Advantages of Long-Term Investments in Savings Plans

Developing Financial Discipline

Investing a specific portion of your monthly earnings into a long-term investment plan helps you develop financial discipline. Over time, you control your urges to spend on unnecessary items and stay focussed on your investment goals. You also learn to manage your finances prudently.

Power of Compounding

Compounding works wonders for growing your wealth exponentially. It simply means investing the interest back into the principal amount and repeating it every year.

The power of compounding can be illustrated with a simple example. Suppose you have invested ₹5 lakhs in an investment product that earns an annual interest of 7%. At this rate of interest, your maturity amount will be as follows:

Time Maturity amount (in ₹)
1 year ₹ 5,35,929.00
2 Year ₹ 5,74,440.00
9 Year ₹9,33,703.00
10 years ₹10,00,798.00

The above table shows that the maturity amount starts snowballing in the later years.

This is because you gave ample opportunity for your investments to grow by staying invested for a longer period. As a result, your wealth starts compounding faster as your investment period increases. Therefore, long-term investing is the best way to experience the magic of compounding in your investment portfolio.

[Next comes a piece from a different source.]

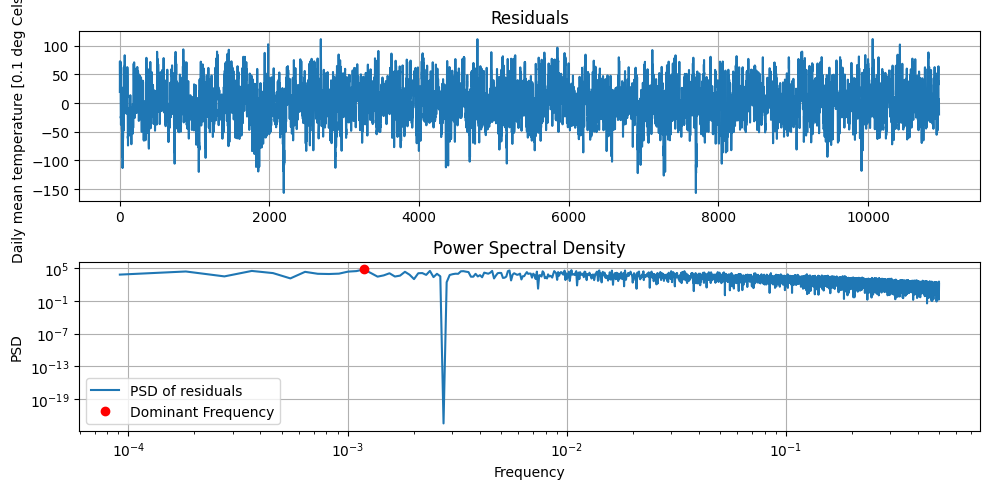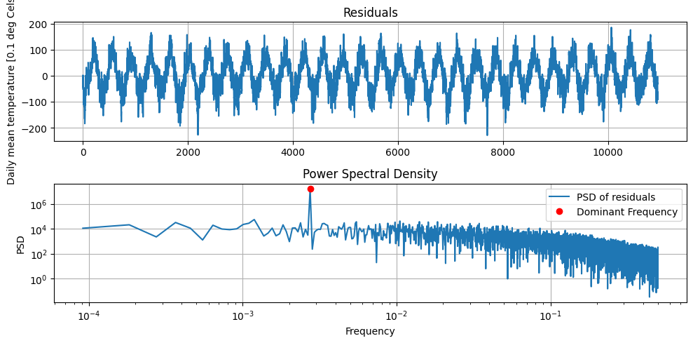 First run: we fit a linear model (with intercept and slope) to the data and find the dominant frequency of 1 cycle per year. This one clearly stands out in the PSD (periodogram) of the residuals, hence the present residual time series is not stationary, so we need to do this step again.

Moreover, compounding your wealth is one of the surest ways to beat inflation in the long run.

Less Risk

 Risk-averse investors can consider investing in non-linked savings plans that are not affected by the market volatilities. Additionally, guaranteed savings plans also provide life coverage with fixed benefits irrespective of market conditions.

Keeping Investments Untouched

Many a time, we tend to delve into our savings whenever faced with a scarcity of money. Frequently disturbing your savings doesn’t go well with wealth creation. On the contrary, long-term savings plans encourage you to leave your investments untouched which aids the growth of your investments.

Additionally, refrain from making frequent changes to your savings as well. It’s often enough to keep track of your investments regularly.

While there is little doubt about getting better returns from long-term investment plans, it is better to remember the age-old advice of diversification. Don’t put all your savings in one plan, irrespective of how good the plan is. Instead, diversify your investments in various long-term savings plans, stay put for ten to twenty years or even longer and see how your wealth grows as you approach your retirement age.